╭──

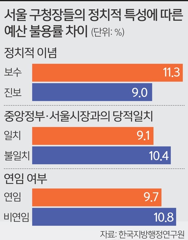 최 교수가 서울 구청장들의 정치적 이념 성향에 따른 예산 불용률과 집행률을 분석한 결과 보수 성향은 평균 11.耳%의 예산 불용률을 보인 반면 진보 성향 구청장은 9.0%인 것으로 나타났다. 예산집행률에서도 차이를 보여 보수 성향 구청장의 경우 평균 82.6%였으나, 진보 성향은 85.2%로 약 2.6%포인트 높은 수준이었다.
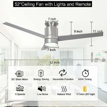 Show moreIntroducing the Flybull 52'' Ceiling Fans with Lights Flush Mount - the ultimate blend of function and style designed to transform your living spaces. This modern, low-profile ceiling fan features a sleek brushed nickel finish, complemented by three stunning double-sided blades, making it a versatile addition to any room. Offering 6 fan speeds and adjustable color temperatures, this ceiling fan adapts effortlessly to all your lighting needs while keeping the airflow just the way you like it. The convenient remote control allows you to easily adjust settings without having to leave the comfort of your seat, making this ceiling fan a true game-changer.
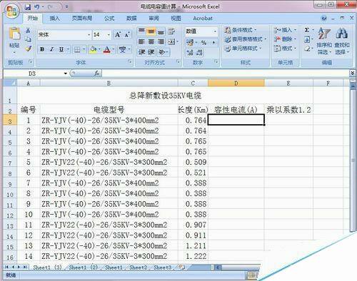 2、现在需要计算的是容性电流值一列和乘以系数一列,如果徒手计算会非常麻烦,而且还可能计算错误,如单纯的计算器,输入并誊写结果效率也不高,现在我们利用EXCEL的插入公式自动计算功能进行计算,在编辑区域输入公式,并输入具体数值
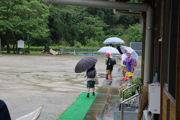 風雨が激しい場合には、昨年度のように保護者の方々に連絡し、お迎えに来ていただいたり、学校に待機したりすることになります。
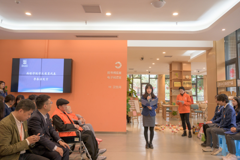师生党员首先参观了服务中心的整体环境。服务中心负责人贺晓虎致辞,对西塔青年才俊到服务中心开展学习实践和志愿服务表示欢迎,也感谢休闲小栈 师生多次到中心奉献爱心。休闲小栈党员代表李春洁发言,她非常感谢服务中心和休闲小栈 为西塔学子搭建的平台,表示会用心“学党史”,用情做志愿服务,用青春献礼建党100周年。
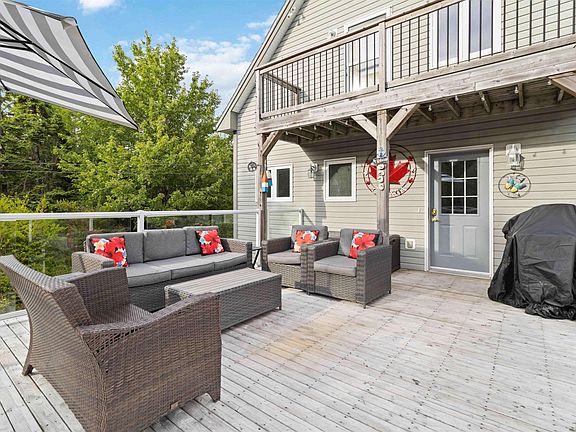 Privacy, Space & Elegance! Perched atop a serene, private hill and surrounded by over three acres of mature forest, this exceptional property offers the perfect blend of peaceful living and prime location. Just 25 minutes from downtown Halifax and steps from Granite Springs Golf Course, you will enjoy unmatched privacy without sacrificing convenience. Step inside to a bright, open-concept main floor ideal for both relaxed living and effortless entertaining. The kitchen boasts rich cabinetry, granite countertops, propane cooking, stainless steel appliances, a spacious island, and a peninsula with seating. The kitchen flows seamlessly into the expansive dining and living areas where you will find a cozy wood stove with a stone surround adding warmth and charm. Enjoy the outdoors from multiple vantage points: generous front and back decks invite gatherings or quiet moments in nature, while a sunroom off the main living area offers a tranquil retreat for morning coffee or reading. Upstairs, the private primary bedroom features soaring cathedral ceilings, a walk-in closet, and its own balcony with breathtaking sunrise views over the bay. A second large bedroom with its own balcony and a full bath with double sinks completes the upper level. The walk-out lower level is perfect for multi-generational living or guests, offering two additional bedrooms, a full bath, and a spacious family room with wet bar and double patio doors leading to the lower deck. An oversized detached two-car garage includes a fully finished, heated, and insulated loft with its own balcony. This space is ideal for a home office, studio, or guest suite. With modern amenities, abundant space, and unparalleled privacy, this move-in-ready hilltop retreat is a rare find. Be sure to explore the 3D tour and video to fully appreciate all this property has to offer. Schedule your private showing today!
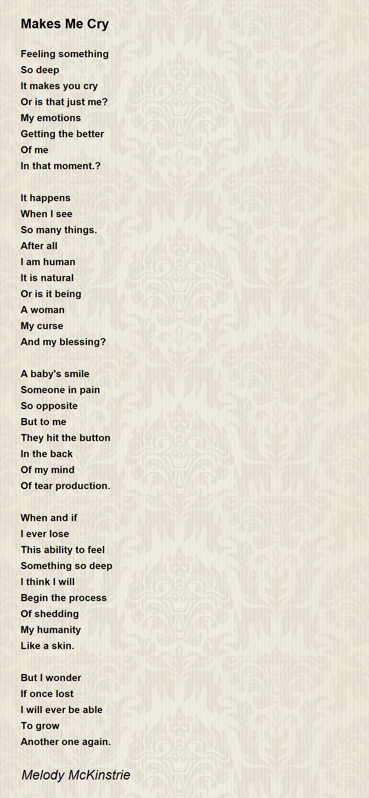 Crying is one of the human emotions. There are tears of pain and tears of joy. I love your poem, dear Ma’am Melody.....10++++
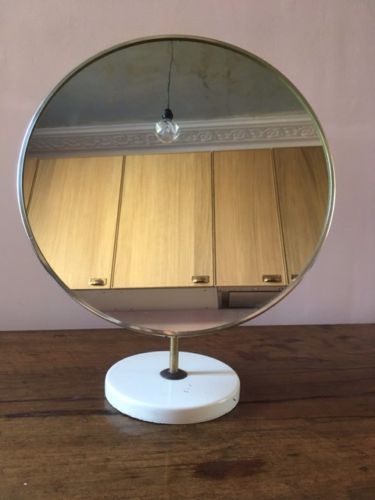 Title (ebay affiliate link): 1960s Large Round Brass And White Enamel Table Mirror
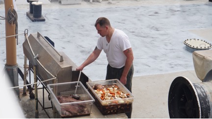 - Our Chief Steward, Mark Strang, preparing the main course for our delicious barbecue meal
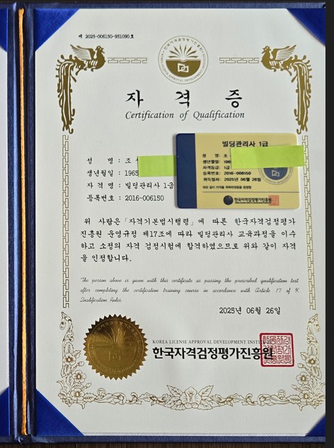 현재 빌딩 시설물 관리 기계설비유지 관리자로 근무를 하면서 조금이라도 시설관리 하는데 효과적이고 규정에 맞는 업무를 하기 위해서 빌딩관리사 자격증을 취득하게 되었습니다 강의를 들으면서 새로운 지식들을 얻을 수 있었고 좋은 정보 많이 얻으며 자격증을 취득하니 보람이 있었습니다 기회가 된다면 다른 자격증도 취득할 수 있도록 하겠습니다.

╰──

[TRY IT]:
Print the records word for word and exclude any picture they hold.

[THE ANSWER]:
 최 교수가 서울 구청장들의 정치적 이념 성향에 따른 예산 불용률과 집행률을 분석한 결과 보수 성향은 평균 11.耳%의 예산 불용률을 보인 반면 진보 성향 구청장은 9.0%인 것으로 나타났다. 예산집행률에서도 차이를 보여 보수 성향 구청장의 경우 평균 82.6%였으나, 진보 성향은 85.2%로 약 2.6%포인트 높은 수준이었다.
 Show moreIntroducing the Flybull 52'' Ceiling Fans with Lights Flush Mount - the ultimate blend of function and style designed to transform your living spaces. This modern, low-profile ceiling fan features a sleek brushed nickel finish, complemented by three stunning double-sided blades, making it a versatile addition to any room. Offering 6 fan speeds and adjustable color temperatures, this ceiling fan adapts effortlessly to all your lighting needs while keeping the airflow just the way you like it. The convenient remote control allows you to easily adjust settings without having to leave the comfort of your seat, making this ceiling fan a true game-changer.
 2、现在需要计算的是容性电流值一列和乘以系数一列,如果徒手计算会非常麻烦,而且还可能计算错误,如单纯的计算器,输入并誊写结果效率也不高,现在我们利用EXCEL的插入公式自动计算功能进行计算,在编辑区域输入公式,并输入具体数值
 風雨が激しい場合には、昨年度のように保護者の方々に連絡し、お迎えに来ていただいたり、学校に待機したりすることになります。
师生党员首先参观了服务中心的整体环境。服务中心负责人贺晓虎致辞,对西塔青年才俊到服务中心开展学习实践和志愿服务表示欢迎,也感谢休闲小栈 师生多次到中心奉献爱心。休闲小栈党员代表李春洁发言,她非常感谢服务中心和休闲小栈 为西塔学子搭建的平台,表示会用心“学党史”,用情做志愿服务,用青春献礼建党100周年。
 Privacy, Space & Elegance! Perched atop a serene, private hill and surrounded by over three acres of mature forest, this exceptional property offers the perfect blend of peaceful living and prime location. Just 25 minutes from downtown Halifax and steps from Granite Springs Golf Course, you will enjoy unmatched privacy without sacrificing convenience. Step inside to a bright, open-concept main floor ideal for both relaxed living and effortless entertaining. The kitchen boasts rich cabinetry, granite countertops, propane cooking, stainless steel appliances, a spacious island, and a peninsula with seating. The kitchen flows seamlessly into the expansive dining and living areas where you will find a cozy wood stove with a stone surround adding warmth and charm. Enjoy the outdoors from multiple vantage points: generous front and back decks invite gatherings or quiet moments in nature, while a sunroom off the main living area offers a tranquil retreat for morning coffee or reading. Upstairs, the private primary bedroom features soaring cathedral ceilings, a walk-in closet, and its own balcony with breathtaking sunrise views over the bay. A second large bedroom with its own balcony and a full bath with double sinks completes the upper level. The walk-out lower level is perfect for multi-generational living or guests, offering two additional bedrooms, a full bath, and a spacious family room with wet bar and double patio doors leading to the lower deck. An oversized detached two-car garage includes a fully finished, heated, and insulated loft with its own balcony. This space is ideal for a home office, studio, or guest suite. With modern amenities, abundant space, and unparalleled privacy, this move-in-ready hilltop retreat is a rare find. Be sure to explore the 3D tour and video to fully appreciate all this property has to offer. Schedule your private showing today!
 Crying is one of the human emotions. There are tears of pain and tears of joy. I love your poem, dear Ma’am Melody.....10++++
 Title (ebay affiliate link): 1960s Large Round Brass And White Enamel Table Mirror
 - Our Chief Steward, Mark Strang, preparing the main course for our delicious barbecue meal
 현재 빌딩 시설물 관리 기계설비유지 관리자로 근무를 하면서 조금이라도 시설관리 하는데 효과적이고 규정에 맞는 업무를 하기 위해서 빌딩관리사 자격증을 취득하게 되었습니다 강의를 들으면서 새로운 지식들을 얻을 수 있었고 좋은 정보 많이 얻으며 자격증을 취득하니 보람이 있었습니다 기회가 된다면 다른 자격증도 취득할 수 있도록 하겠습니다.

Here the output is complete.